Last but not least, I feel increasingly detached from God. I haven't been to church, but more than that, I find my prayers so so self centered, so much about my suffering, my pain. Though I pray (or rather cry out in distress), it's me that centers my prayer. Quiet time is so limited, cos I'm just so so tired when I sit down and be quiet, my eyes can't pass even 2 sentences. I'm living on "past reserves" and verses my dear friends constantly msg me. Sometimes, I even fill that cup of blessing deminishing, though my mind always reminds me, His grace is sufficient for me...

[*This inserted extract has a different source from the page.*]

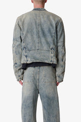 Constructed from 13 oz stone-washed blue denim, the Moto Denim Jacket features a cropped, slightly boxy silhouette. Designed with a minimal stand collar secured by a snap button, vertical zippered front pockets, and multiple panel seams throughout for a utilitarian structure. Finished with a full-length center front zipper and zippered cuffs.

But indeed, God's grace is sufficient for me!!! Though it has been stormy and gloomy, God's light never ceases to shine through the rain. He has shown me so many miracles, revealing His power in ways I cannot image and holding me up each time I fall. God is good...all the time!!! If not for His strength, I would not even be able to live for another second. If not by His grace, I would have just let go and given up. If not for His faithfulness, life would have been meaningless.
Becase He lives, I can face tomorrow!!!
Oh Lord, be my ever present strength and joy in every circumstances, so I may shine for you, at home and at work.